— The task —
Return every line below as is, leaving out the pictures.

────

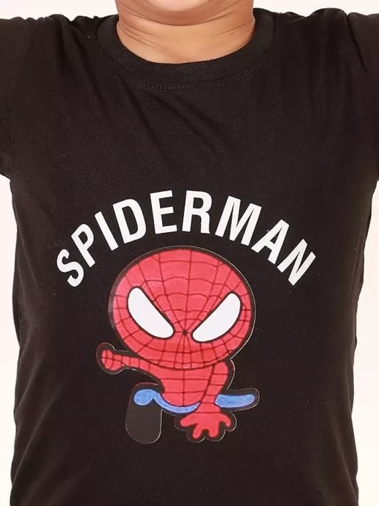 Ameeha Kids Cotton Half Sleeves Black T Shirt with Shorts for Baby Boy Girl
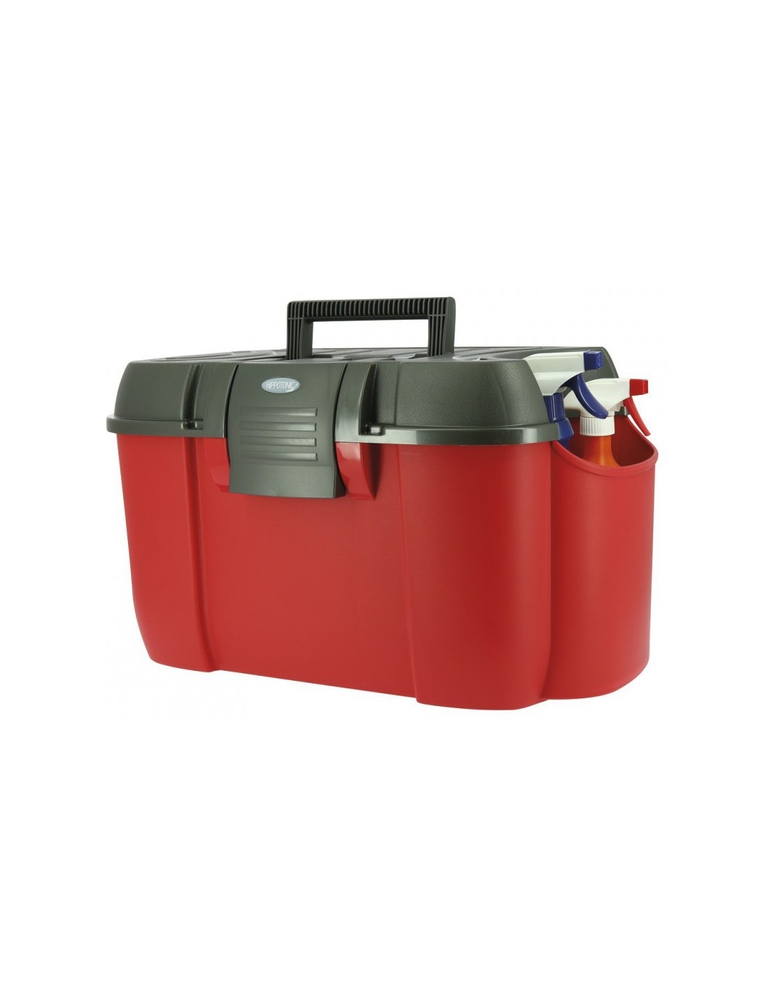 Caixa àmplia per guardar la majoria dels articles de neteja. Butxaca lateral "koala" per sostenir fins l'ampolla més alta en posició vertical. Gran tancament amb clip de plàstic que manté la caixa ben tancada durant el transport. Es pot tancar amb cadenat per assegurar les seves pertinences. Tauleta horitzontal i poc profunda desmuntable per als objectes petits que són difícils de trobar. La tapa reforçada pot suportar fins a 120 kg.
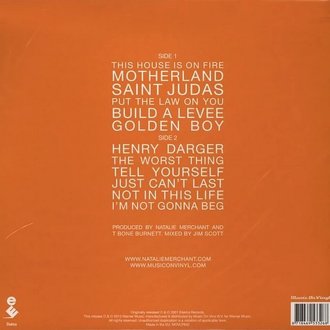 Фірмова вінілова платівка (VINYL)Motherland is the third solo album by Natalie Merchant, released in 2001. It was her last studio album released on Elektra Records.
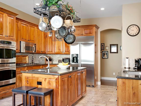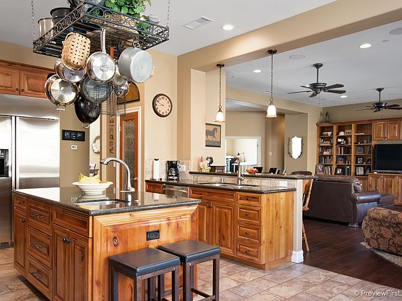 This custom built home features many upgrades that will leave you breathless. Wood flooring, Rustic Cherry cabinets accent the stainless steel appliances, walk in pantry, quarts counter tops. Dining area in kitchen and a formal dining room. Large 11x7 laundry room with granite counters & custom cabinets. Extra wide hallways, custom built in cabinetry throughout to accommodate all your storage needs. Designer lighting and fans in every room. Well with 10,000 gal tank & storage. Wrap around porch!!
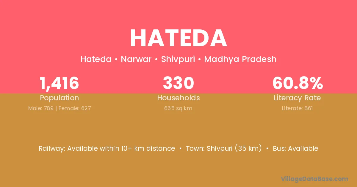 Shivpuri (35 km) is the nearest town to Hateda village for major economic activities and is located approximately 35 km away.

────

— Exercise solution —
 Ameeha Kids Cotton Half Sleeves Black T Shirt with Shorts for Baby Boy Girl
 Caixa àmplia per guardar la majoria dels articles de neteja. Butxaca lateral "koala" per sostenir fins l'ampolla més alta en posició vertical. Gran tancament amb clip de plàstic que manté la caixa ben tancada durant el transport. Es pot tancar amb cadenat per assegurar les seves pertinences. Tauleta horitzontal i poc profunda desmuntable per als objectes petits que són difícils de trobar. La tapa reforçada pot suportar fins a 120 kg.
 Фірмова вінілова платівка (VINYL)Motherland is the third solo album by Natalie Merchant, released in 2001. It was her last studio album released on Elektra Records.
 This custom built home features many upgrades that will leave you breathless. Wood flooring, Rustic Cherry cabinets accent the stainless steel appliances, walk in pantry, quarts counter tops. Dining area in kitchen and a formal dining room. Large 11x7 laundry room with granite counters & custom cabinets. Extra wide hallways, custom built in cabinetry throughout to accommodate all your storage needs. Designer lighting and fans in every room. Well with 10,000 gal tank & storage. Wrap around porch!!
 Shivpuri (35 km) is the nearest town to Hateda village for major economic activities and is located approximately 35 km away.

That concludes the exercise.